Снова тишина. Я иду в глубь комнаты. Глаза мои постепенно привыкают к полумраку, и предметы начинают выступать из темноты. Я вижу кровать. Она стоит в противоположном углу комнаты, справа от зеркала, большая, деревянная. Я не увидела, а скорее догадалась, что на ней кто-то лежит.
— Вы спите? — громко спрашиваю я, чтобы нарушить наконец молчание.
И тогда едва слышный голос отвечает:
— Я не сплю. Я умираю.
Эти слова были сказаны настолько тихо, что я подумала: не почудились ли они мне? Подошла к кровати и увидела, что на ней лежит человек, прикрытый какими-то одеждами. Да, я вижу его лицо. Оно маленькое, со щетиной волос. Невозможно определить, молод этот человек или стар.
— Что с вами? — спрашиваю, хотя прекрасно понимаю, что с ним.
Человек отвечает:
— Ничего. Это конец.
Я сразу намечаю себе линию поведения. Говорю:
— Ну, это мне лучше знать, конец или не конец. Я врач.
Человек слегка поворачивает ко мне голову и переспрашивает:
— Врач? — В его голосе звучит удивление и недоверие.
— Врач, — повторяю я. — Делаю обход квартир. Как вы себя чувствуете?

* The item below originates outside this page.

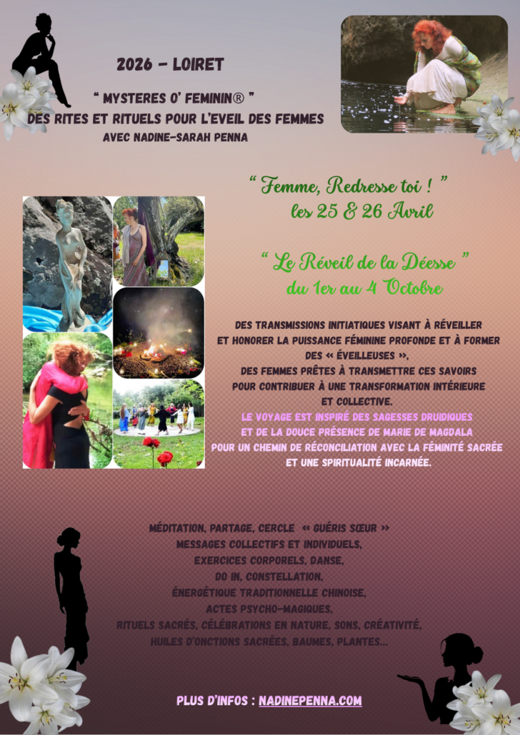 LOIRET – stage » Femme, Redresse -toi ! » de l’Ecole des Mystères O’ Féminin®, des Rites et Rituels pour l’Eveil des Femmes «

Человек с трудом ложится на другой бок, спиной ко мне, ничего не ответив. Я потормошила его за плечи и сказала настойчиво:
— Вы всё-таки отвечайте, когда с вами говорит врач.
Молчание.
— Совсем вы не так больны, — говорю я громко.
Молчание.
— Хотите хлеба?
Моя рука лежит на его плече, и я чувствую, как он вздрагивает. Затем медленно шёпотом произносит:
— Вы что, смеётесь надо мной?
Нащупываю сухарь в кармане стёганки, отламываю крохотный кусочек.
— Ешьте, — говорю я, держа сухарь на ладони.
Человек опять поворачивает ко мне голову. С минуту смотрит на мою ладонь пустым, бессмысленным взглядом, с трудом выпрастывает руку из-под одеяла, схватывает сухарь и мгновенно проглатывает. Потом растерянно смотрит на меня.
— Ну вот, — говорю я, — теперь давайте разговаривать. Кто вы? Как ваша фамилия?
— Зачем вы дали мне хлеба? — спрашивает вдруг человек. — Всё равно я должен умереть.
— Перестаньте болтать глупости, — сказала я резко.
Разговариваю с ним умышленно сухо, даже грубо, как говорят не с больным, а со здоровым, но капризным человеком. Было очень трудно говорить с ним таким тоном, но я знала, что это единственный способ вывести его из состояния полной депрессии, в которой он находился. За последнее время я видела много дистрофиков, и что-то в движениях и во взгляде этого человека говорило мне, что он не достиг ещё той крайней степени истощения, за которой следует смерть.
— Ну? — повторила я.
— Почему вы не даёте мне спокойно умереть? — плаксиво протянул человек. — Ну, пишите, господи! Сиверский Антон Иванович, химик… Был химиком…
Я отломила в кармане ещё кусочек сухаря, но, ощутив его в руках, сразу почувствовала сильный голод. У меня даже голова закружилась: так мне захотелось есть. Но я сдержалась.
— Вот вам ещё кусочек. Только жуйте, а не глотайте целиком.
Потом я всё же отломила маленький кусочек и положила себе в рот. Мне показалось при этом, что в глазах Сиверского, устремлённых на меня, появился испуг. Но я тут же протянула ему остальное.
Сиверский положил сухарь в рот и стал медленно жевать.
— Очень дёсны болят, — произнёс он жалобно, точно ребёнок.
— Ну, они сейчас у всех болят, — ответила я.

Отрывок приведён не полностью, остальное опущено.